Insights | CFP Energy

CFP Responds to Netflix-Meta Backlash: Voluntary Carbon Needs a New Model

Written by CFP Energy | 28 January 2026

The recent dispute involving Netflix, Meta, and the Maasai herders in Kenya highlights some deep-rooted issues in the voluntary carbon market (VCM). When major carbon projects unravel due to overlooked community rights and poor stakeholder engagement, it becomes clear that the problem isn’t just with emissions; it’s with how we approach offsetting in the first place.  

What many corporations fail to grasp is that carbon projects aren’t just about trees, soil, or carbon sequestration — they’re about people, ecosystems, and deep-rooted cultural ties to land. Forests and grasslands are not static carbon sinks to be fenced off and commodified; they’re living environments shaped by generations of human stewardship and biodiversity.

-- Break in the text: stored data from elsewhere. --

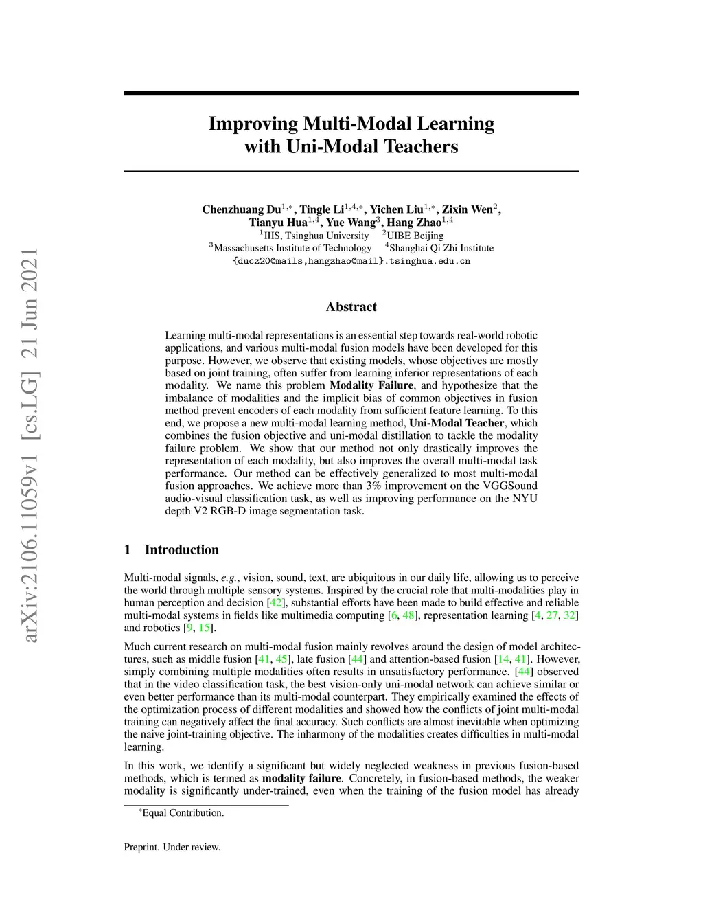 Learning multi-modal representations is an essential step towards real-world robotic applications, and various multi-modal fusion models have been developed for this purpose. However, we observe that existing models, whose objectives are mostly based on joint training, often suffer from learning inferior representations of each modality. We name this problem Modality Failure, and hypothesize that the imbalance of modalities and the implicit bias of common objectives in fusion method prevent encoders of each modality from sufficient feature learning. To this end, we propose a new multi-modal learning method, Uni-Modal Teacher, which combines the fusion objective and uni-modal distillation to tackle the modality failure problem. We show that our method not only drastically improves the representation of each modality, but also improves the overall multi-modal task performance. Our method can be effectively generalized to most multi-modal fusion approaches. We achieve more than 3% improvement on the VGGSound audio-visual classification task, as well as improving performance on the NYU depth V2 RGB-D image segmentation task.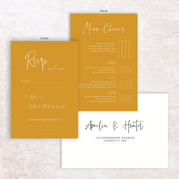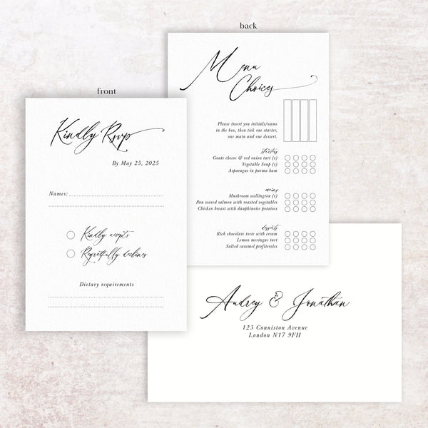 This RSVP menu card is beautifully printed on luxury coloured cardstock to match your wedding theme, printed an light colours that guests can select their options and return back to you in the addressed envelope. Choose from a range of colours and cardstock shapes.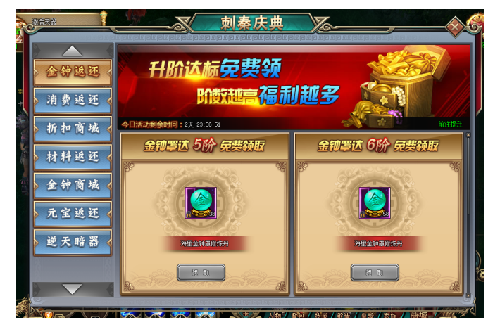 3. 活动期间,玩家金钟罩升级至指定阶数,即可以超低价格购买金钟罩修炼丹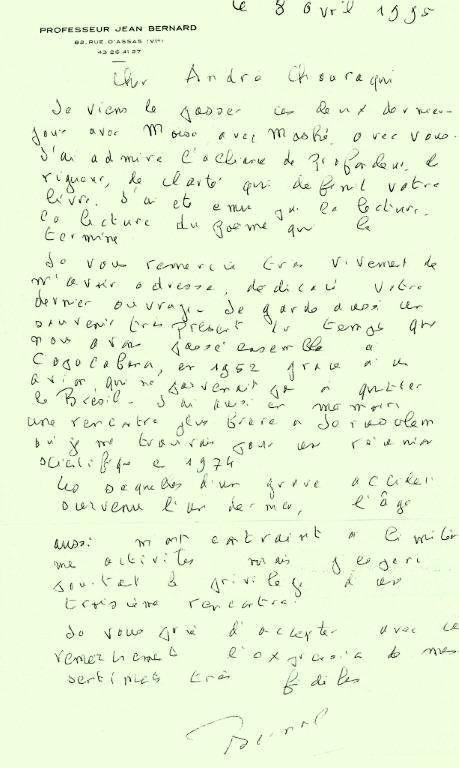 Lettre du Professeur Jean Bernard (1907-2006), 8 avril 1995.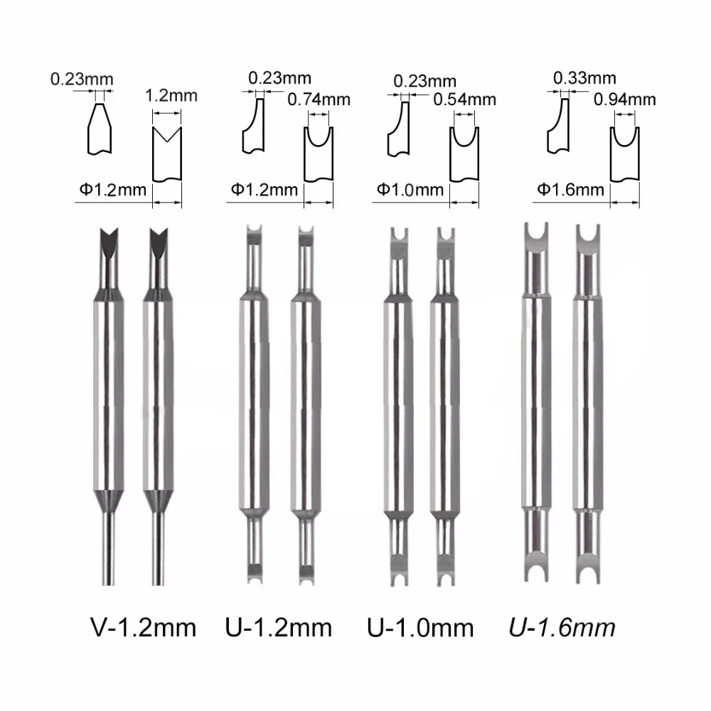 Компактный размер-длина всего 4 дюйма и инструмент включает в себя 4 набора универсальных взаимозаменяемых вилок из нержавеющей стали с вариантами 4 различных реверсивных концевых вилок размера s (тип наконечника и Размер s:U-1.6mm, u-1.2mm, U-1.0mm, V-1.2mm/Pin)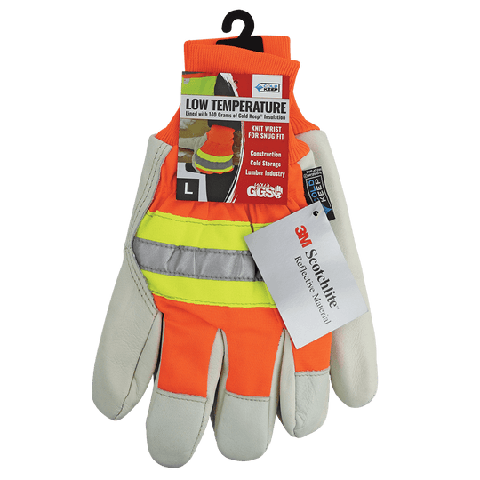 These low-temperature standard-grade beige grain cowhide leather gloves have 140 grams of Cold Keep® insulation for a lining. They feature 3M™ Scotchlite™ reflective knuckle tape contrasting yellow/green trim on a high-visibility orange nylon backing for added visibility in...Regular price $7.95 -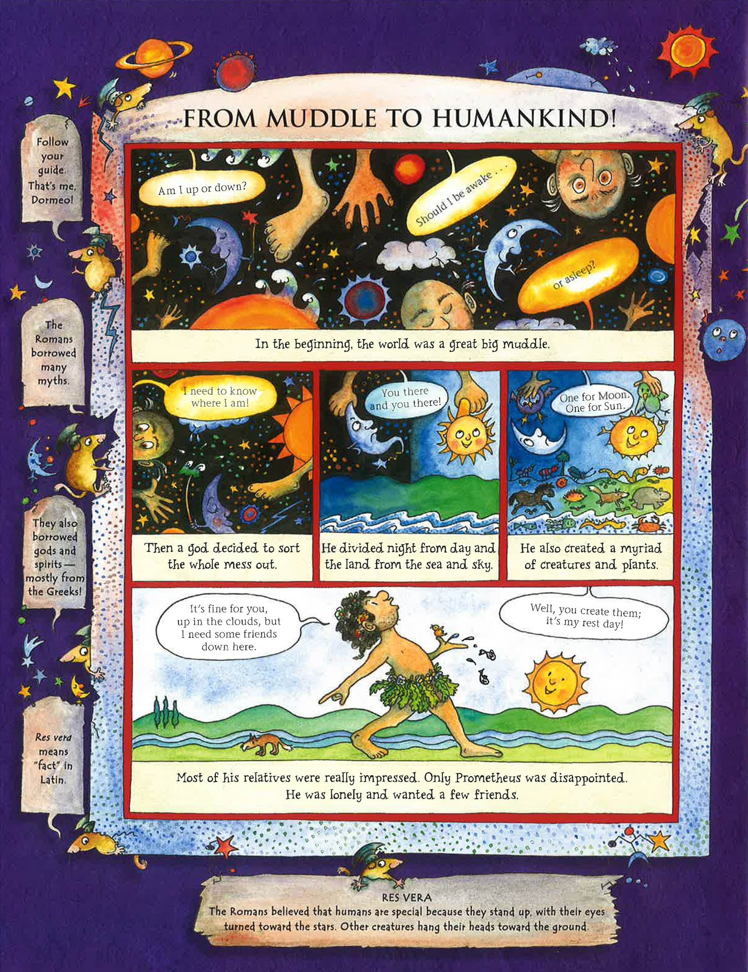 Meet Dormeo: gladiator, dormouse, berry-nibbler, and guide to ancient Rome. He's about to lead a tour -- from the temperamental gods and goddesses of Mount Olympus to the birth of the Roman Republic and the death of Julius Caesar. On the way are glimpses of life as a Roman citizen, from families to festivals, gladiators to guards, as well as a look at some of Rome's best-known emperors (good and not so good). Packed with fascinating information, this graphic storybook is a young reader's ideal introduction to the rise and fall of the Roman Empire.
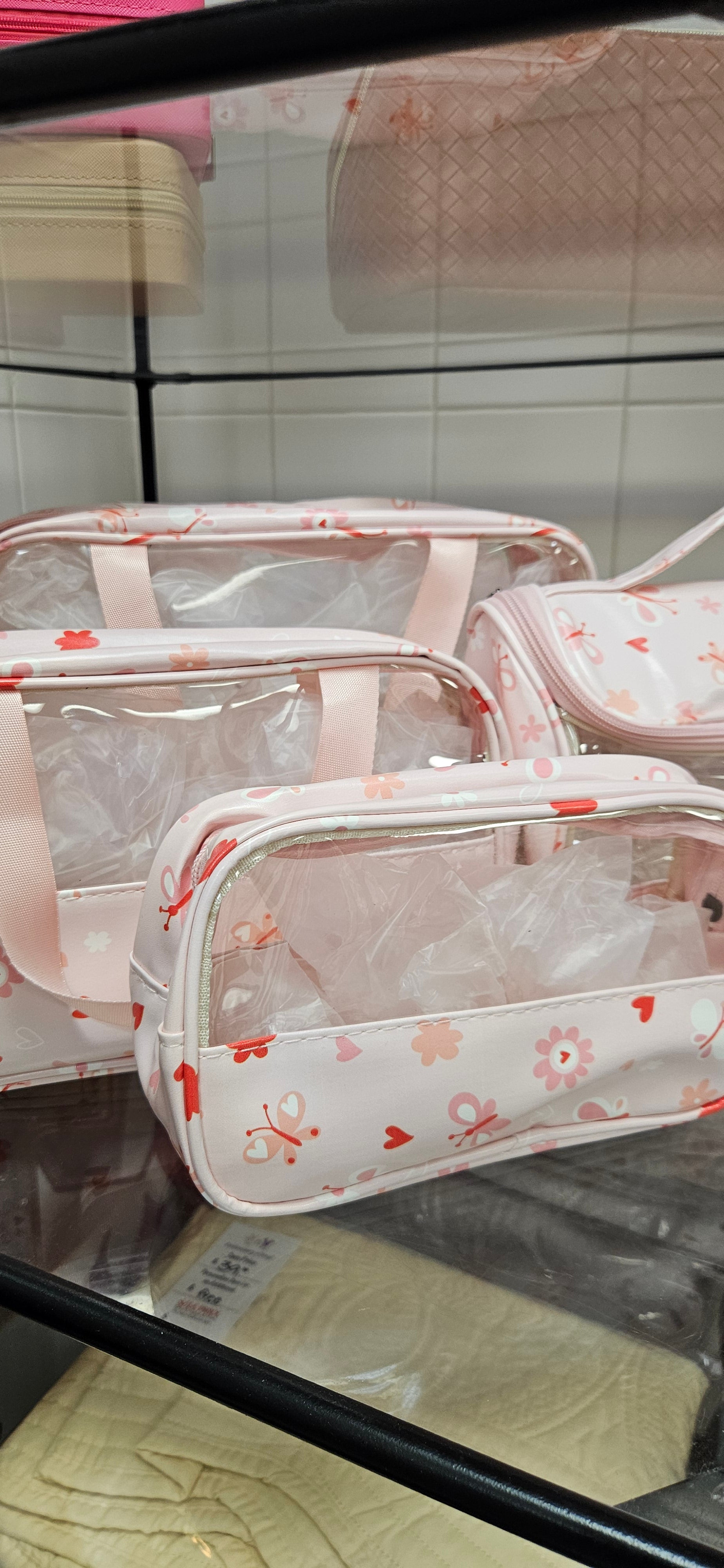 Set Includes a large, medium and small toiletry bag as well as a hanging shower bag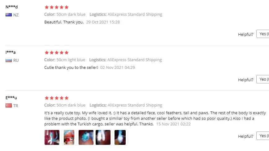 Это действительно милая игрушка. Моей жене понравилось. :) С детальным лицом, крутыми перьями, хвостом и лапами. Остальная часть тела точно такая же, как на фото товара. (Я купил похожую игрушку у другого продавца до этого, у которого было такое плохое качество.) Также у меня была проблема с турецким грузом, продавец был полезен. Спасибо.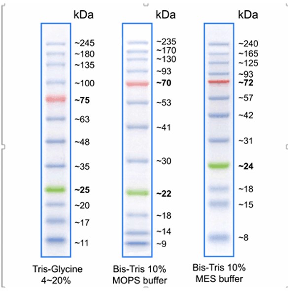 | 描述 | 预染蛋白Marker(10-245KDa)是一种三色预染蛋白标准品,含12种高度纯化预染的蛋白质,涵盖10至245kD的各种分子量。以Tris-glycine buffer体系为例,其中25kD条带为绿色条带,75kD条带为红色条带,其余条带为蓝色。用于Western过程中显示转膜(PVDF、 NC或者nylon膜都适用)是否成功以及显示蛋白的分子量大小。 |
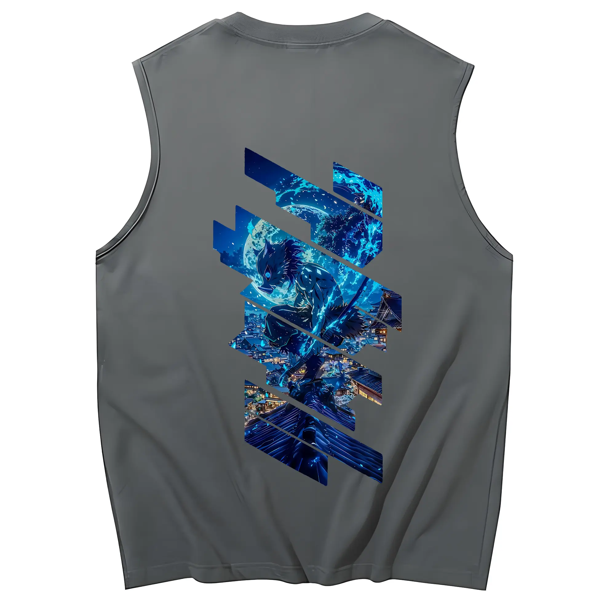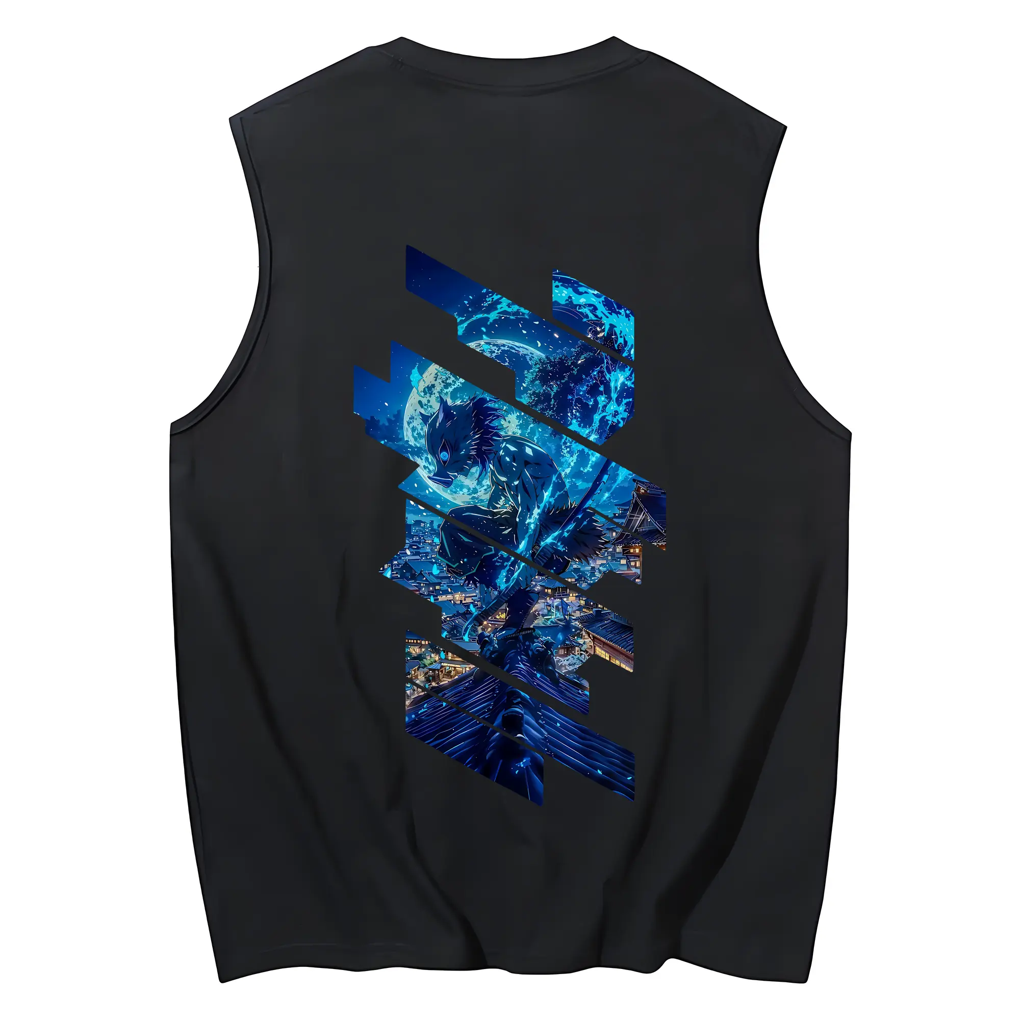 鬼滅の刃 グッズ,嘴平 伊之助 - コットン100% タンクトップ ・ 背面プリント ・ タイトシルエット ・ 快適 通気性 ・ スポーツ カジュアル 散歩用

When communities like the Maasai are displaced or sidelined in favour of external conservation models, the result is not just a legal blowback but a loss of legitimacy for the entire market.

That’s why education and transparency around carbon projects are critical. At CFP, we’ve made this our mission from day one. In Argentina, over 50 local people, many of whom never had access to long-term employment, are now full-time employees on a restoration project that has been over two years in the making. Before issuing a single credit, we invested in extensive due diligence with local governments, landowners, forestry experts, and community leaders to ensure the project delivers not only carbon impact but genuine social and ecological value.

The problem lies upstream. The responsibility for flawed credits doesn’t sit solely with companies like Meta or Netflix — it begins with the traders who sold them the credits. In today’s market, 99% of trading companies have no real involvement in the projects they promote. They source credits from databases or brokers, apply a markup, and pass them along to unsuspecting buyers. There's no due diligence, no site visits, and no real accountability.  

This transactional model is undermining trust in the VCM at a critical moment. Major corporations are questioning the credibility of the system, not because carbon projects are inherently flawed, but because the gatekeepers are unqualified to vouch for their integrity.  

This is where CFP stands apart. We are not just a trading company; we are collaborators and long-term stakeholders in the nature-based projects we support. We take on 100% of the risk because we believe it’s the only sustainable way to build a credible carbon market. We work face-to-face with communities, governments, and experts.

But the VCM won’t stabilise until international policy catches up. Governments must regulate the market and weed out rogue traders. Until then, it’s on companies like CFP to set a higher standard — and to show that a responsible, community-first model is not only possible but necessary.